Expanding high-speed internet access is good policy because it gives our students greater access to information at a time when local school districts are scrambling for money for new book. It’s also good for small businesses as it lengthens their supply chains, and expands markets for goods and services from rural areas still struggling to recover from the recession. Higher speeds allow rural design, architecture and engineering firms to upload large files such as images or high-resolution blueprints or schematics quickly and without interruption to better serve their clients, making them more competitive in the global marketplace.
Thom Tillis missed a trick by burying this bill. Sure, he may get more campaign dollars from big cable companies who oppose the bill. They don’t want the bill because they’re worried if it passes that larger cities will follow smaller towns in creating municipal networks and cut into their market share. But what he’d lose in campaign donations he’d more than offset by gains in political capital. He could position himself as pro-education by giving students better access to the information they need to succeed in the classroom. He could show small businesses tangible proof of his commitment to their needs, and pivot from recent tax cuts that benefit large corporations at their expense. Most importantly he could shore up thousands of votes from reluctant rural voters who see him as a creature of Raleigh and Charlotte.
Expansion of high-speed internet is the 21st century’s rural electrification, and he could have stolen it out from under the Democrats. Instead though he chose to side with big corporations over everyday people, and that could hurt him big this fall.

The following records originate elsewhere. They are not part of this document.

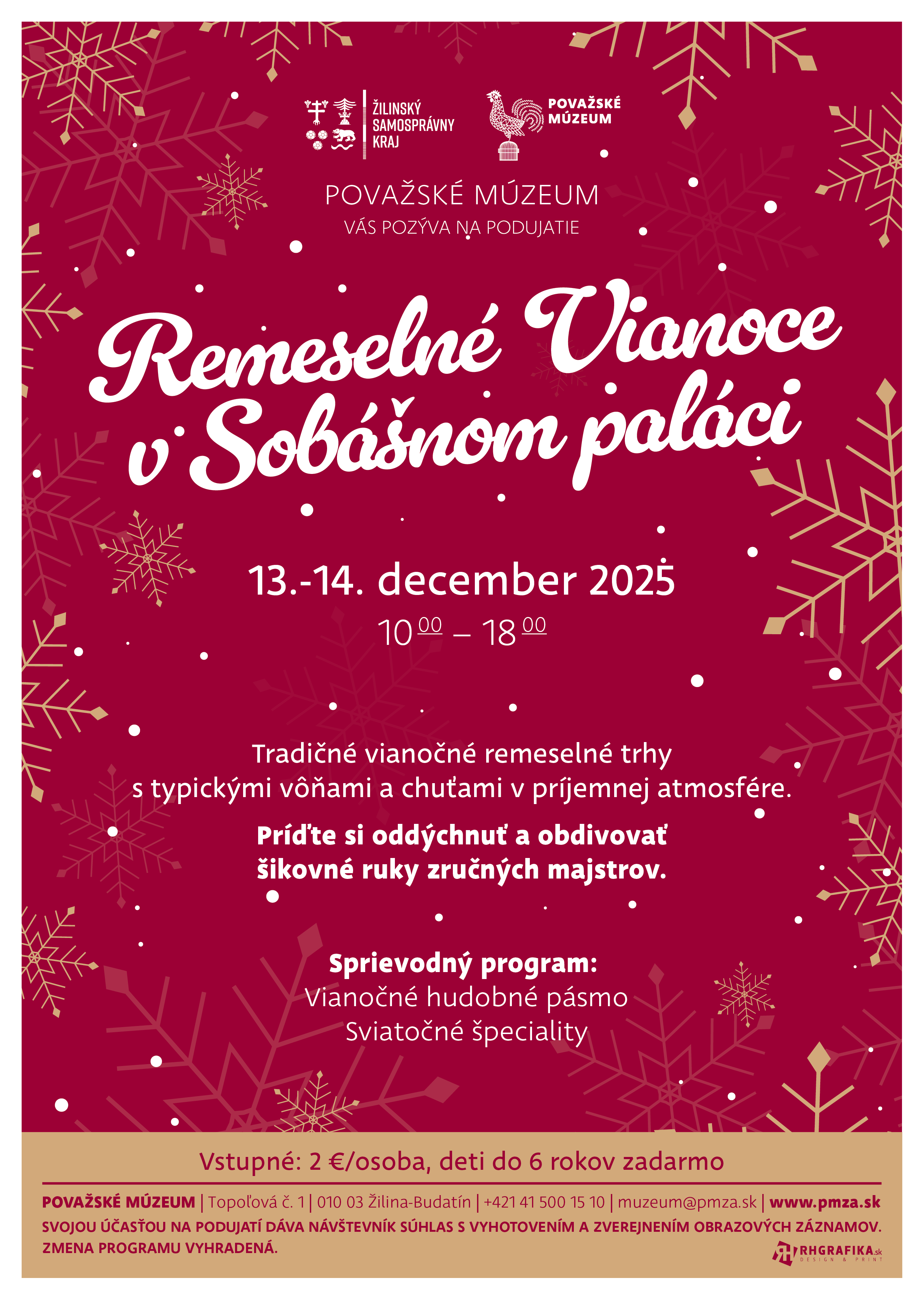 Strávte príjemný predvianočný čas v krásnych priestoroch Sobášneho paláca v Bytči. Počas víkendu 13. a 14. decembra v čase od 10.00 do 18.00 sa uskutoční druhý ročník podujatia Remeselné Vianoce. Považské múzeum sa po minuloročnom úspechu a pozitívnej odozve rozhodlo podujatie zopakovať a rozšíriť.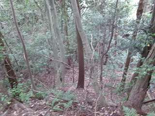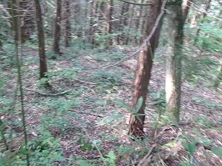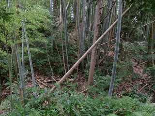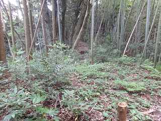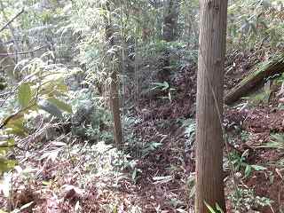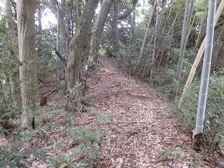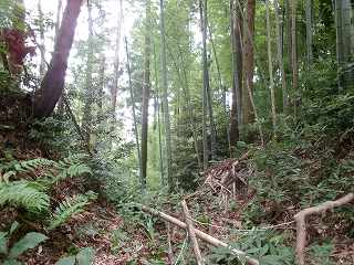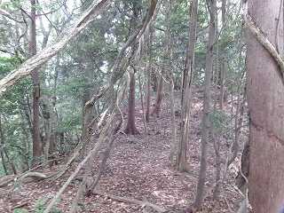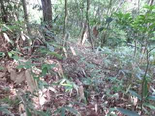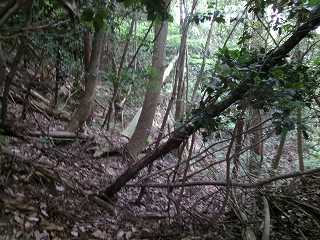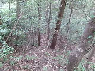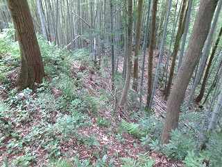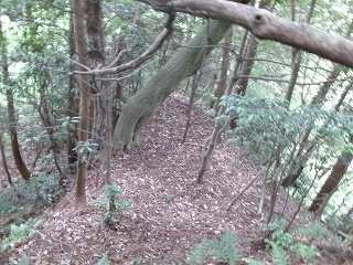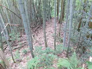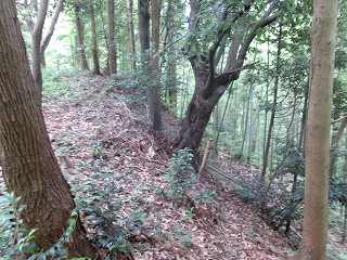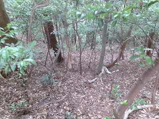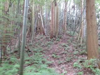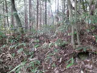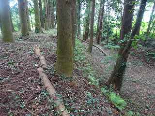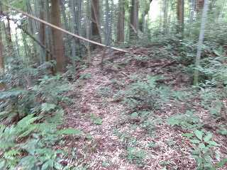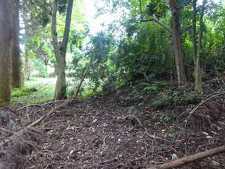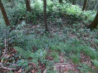 この先には堀が2本あるように見えるが、これもヤブでよく分からない。切通し状になっている部分を登って行くと、3郭の側面部に出てきた。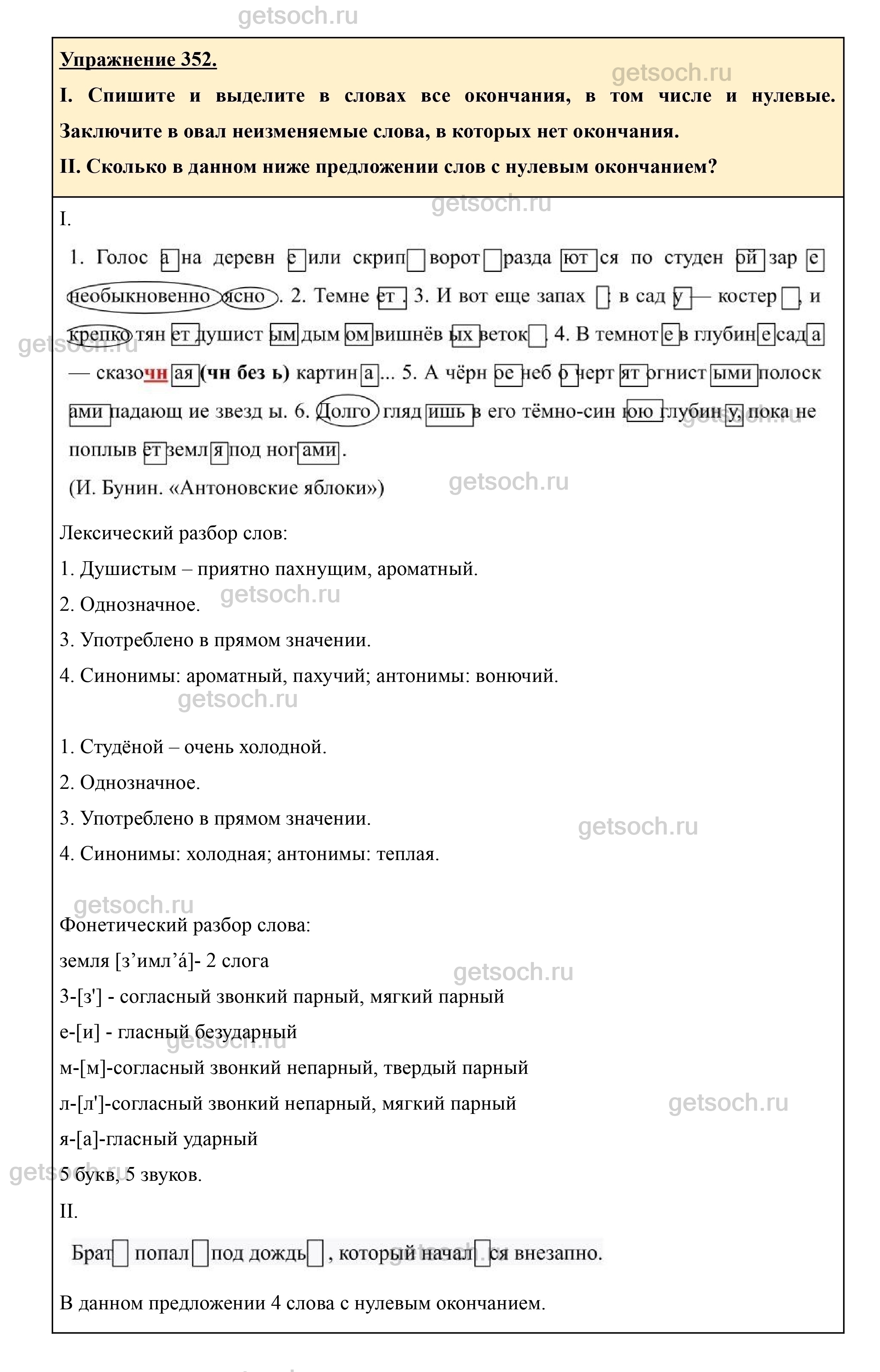 Рассмотрим ответы на Упражнение 352 из учебника по русскому языку для 5 класса Ладыженской
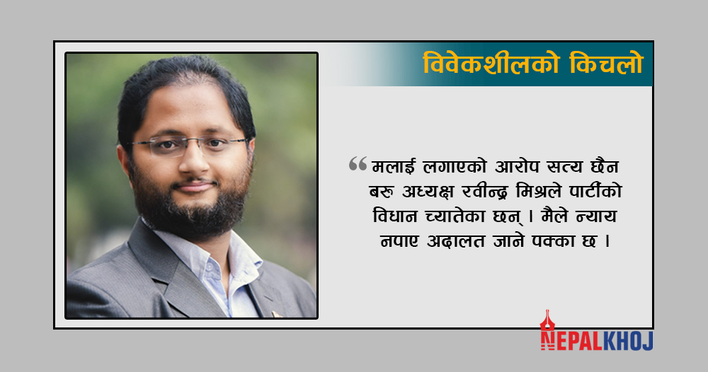 काठमाडौँ । विवेकशील साझा पार्टीका निष्कासित संयोजक मिलन पाण्डेले आफूलाई गरेको कारबाही अवैधानिक भएको बताएका छन् । आज अध्यक्ष रविन्द्र मिश्रले पार्टीको बैठकबाट साधारण सदस्य समेत नरह्ने गरि गरेको कारबाहीमा पाण्डेको प्रतिक्रिया आएको हो ।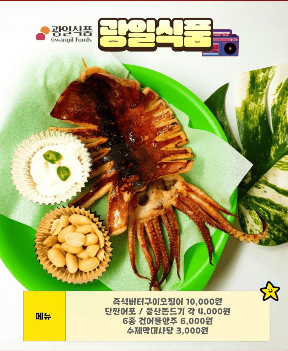 맥주만 마실 수는 없겠죠? 강릉을 대표하는 로컬 푸드 업체들도 총출동했어요. 감자전, 닭강정 같은 전통적인 메뉴부터 트렌디한 퓨전 요리까지!

Matt: With all due respect, and not being a politician, nor a lobbyist, nor a journalist, nor a state employee (any more), nor part of any special interest organization petitioning the NCGA for anything, I don’t have to “work with” nor give a pass to a party that has been as harsh on teachers, state employees, and middle/lower economic classes, and as biased toward the wealthy as the GOP has been since 2010. I do not see my GOP state senator, my GOP state house rep, or my GOP congressman doing anything that helps the great majority of their constituents, especially those who are in most need. Mick
Of course he sided with big businesses and likely donors and against everyday folk and consumers!
What else could you expect from a leader in the GOP NCGA majority? Look at their track record of favoring wealth, business and corporations. Beyond last session’s business-friendly tax reform, unemployment benefit capping and this broadband bill, there are also the bills to immunize manufacturers from liability suits; to criminalize citizens who might expose the chemicals used in fracking or who take photographs at hog factories; and the capping of privilege fees that cities can assess on businesses.
The only surprising thing might be that his broadband bill position hurts rural folk, a demographic that has been a deep pool of GOP support. Just shows that he can not only be greedy and torqued by donations, but also dumb as a rock.
Thanks for reading guys. One thing I would say is that while their track record isn’t what I’d call stellar, its good to remember that this bill was initially introduced by a Republican. Are there parts of the GOP who are self-interested and beholden to big business, sure, but its a lot easier to work with them and get things done (as they are in the majority) if you recognize that some of them are trying to look out for their constituents.
Tills = Time Warner Cable.
Tillis = Corruption.
If a Conservative is speaking, a conservative is lying.